Let’s start by looking at a basic Dockerfile for Node.js. We can visualize the normal Docker build process as shown in Figure 1 below.
We use the docker build
command to turn our Dockerfile into a Docker image. We then use the docker run
command to instantiate our image to a Docker container.
The Dockerfile in Listing 1 below is just a standard, run-of-the-mill Dockerfile for Node.js. You have probably seen this kind of thing before. All we are doing here is copying the package.json
, installing production dependencies, copying the source code, and finally starting the application.
This Dockerfile is for regular JavaScript applications, so we don’t need a build process yet. I’m only showing you this simple Dockerfile so you can compare it to the multi-stage Dockerfile I’ll be showing you soon.
FROM node:10.15.2 WORKDIR /usr/src/app COPY package*.json ./ RUN npm install --only=production COPY ./src ./src EXPOSE 3000 CMD npm start
Listing 1 is a quite ordinary-looking Docker file. In fact, all Docker files looked pretty much like this before multi-stage builds were introduced. Now that Docker supports multi-stage builds, we can visualize our simple Dockerfile as the single-stage build process illustrated in Figure 2.
We can already run whatever commands we want in the Dockerfile when building our image, so why do we even need a multi-stage build?
To find out why, let’s upgrade our simple Dockerfile to include a TypeScript build process. Listing 2 shows the upgraded Dockerfile. I’ve bolded the updated lines so you can easily pick them out.
FROM node:10.15.2 WORKDIR /usr/src/app COPY package*.json ./ COPY tsconfig.json ./ RUN npm install COPY ./src ./src RUN npm run build EXPOSE 80 CMD npm start
We can easily and directly see the problem this causes. To see it for yourself, you should instantiate a container from this image and then shell into it and inspect its file system.
I did this and used the Linux tree command to list all the directories and files in the container. You can see the result in Figure 3.
Notice that we have unwittingly included in our production image all the debris of development and the build process. This includes our original TypeScript source code (which we don’t use in production), the TypeScript compiler itself (which, again, we don’t use in production), plus any other dev dependencies we might have installed into our Node.js project.
Bear in mind this is only a trivial project, so we aren’t actually seeing too much cruft left in our production image. But you can imagine how bad this would be for a real application with many sources files, many dev dependencies, and a more complex build process that generates temporary files!
We don’t want this extra bloat in production. The extra size makes our containers bigger. When our containers are bigger than needed, it means we aren’t making efficient use of our resources. The increased surface area of the container can also be a problem for security, where we generally prefer to minimize the attackable surface area of our application.

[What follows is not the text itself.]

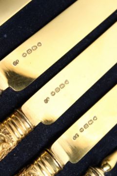 A GOOD SET OF SIX SILVER GILT DESSERT KNIVES AND FORKS, the handles cast with Indian animals and figures

Wouldn’t it be nice if we could throw away the files we don’t want and just keep the ones we do want? This is exactly what a Docker multi-stage build can do for us.
We are going to split out Dockerfile into two stages. Figure 4 shows what our build pipeline looks like after the split.
Our new multi-stage build pipeline has two stages: Build stage 1 is what builds our TypeScript code; Build stage 2 is what creates our production Docker image. The final Docker image produced at the end of this pipeline contains only what it needs and omits the cruft we don’t want.
To create our two-stage build pipeline, we are basically just going to create two Docker files in one. Listing 3 shows our Dockerfile with multiple stages added. The first FROM
command initiates the first stage, and the second FROM
command initiates the second stage.
Compare this to a regular single-stage Dockerfile, and you can see that it actually looks like two Dockerfiles squished together in one.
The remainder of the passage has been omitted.